¿Es legal poner un piso en Airbnb?
Sí puede serlo, pero no de forma automática. La legalidad del alquiler turístico depende de la comunidad autónoma, del ayuntamiento, de la situación urbanística del inmueble y, en muchos casos, de la propia comunidad de propietarios.
Respuesta rápida
Publicar un piso en Airbnb no es ilegal por definición. Lo que sí es arriesgado es hacerlo sin comprobar antes si la vivienda puede destinarse legalmente a uso turístico y qué licencias, registros o declaraciones exige la normativa aplicable.
Qué dice la ley
La LAU excluye de su ámbito ciertos usos turísticos cuando están sometidos a normativa sectorial específica. A partir de ahí, cada comunidad autónoma regula requisitos de inscripción, calidad, atención al huésped, hojas de reclamaciones o número de registro.
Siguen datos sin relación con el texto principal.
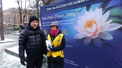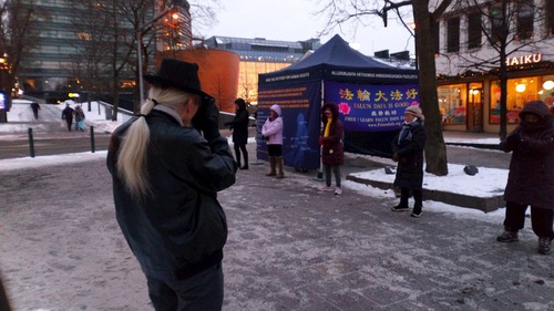 Dr. Tapani Vuola menyapa praktisi setelah dia keluar dari toko, “Tahukah anda bahwa Helsinki dan Beijing adalah kota kembar? Anda harus memberi tahu pemerintah Helsinki bahwa Beijing melanggar hak asasi manusia dan mereka tidak boleh menjadi kota kembar. Anda harus berbicara dengan anggota Parlemen Finlandia.

Además, algunos ayuntamientos introducen limitaciones urbanísticas o zonas saturadas, y la Ley de Propiedad Horizontal permite que la comunidad adopte acuerdos sobre esta actividad en determinados términos. Por tanto, el marco no es único: conviven normas estatales, autonómicas, urbanísticas y de propiedad horizontal.
Puntos clave
- La licitud del alquiler turístico depende del territorio y de la situación concreta del inmueble.
- Antes de anunciar, conviene revisar licencia, registro turístico y normativa municipal.
- La comunidad de propietarios puede influir, y en algunos casos limitar, este uso.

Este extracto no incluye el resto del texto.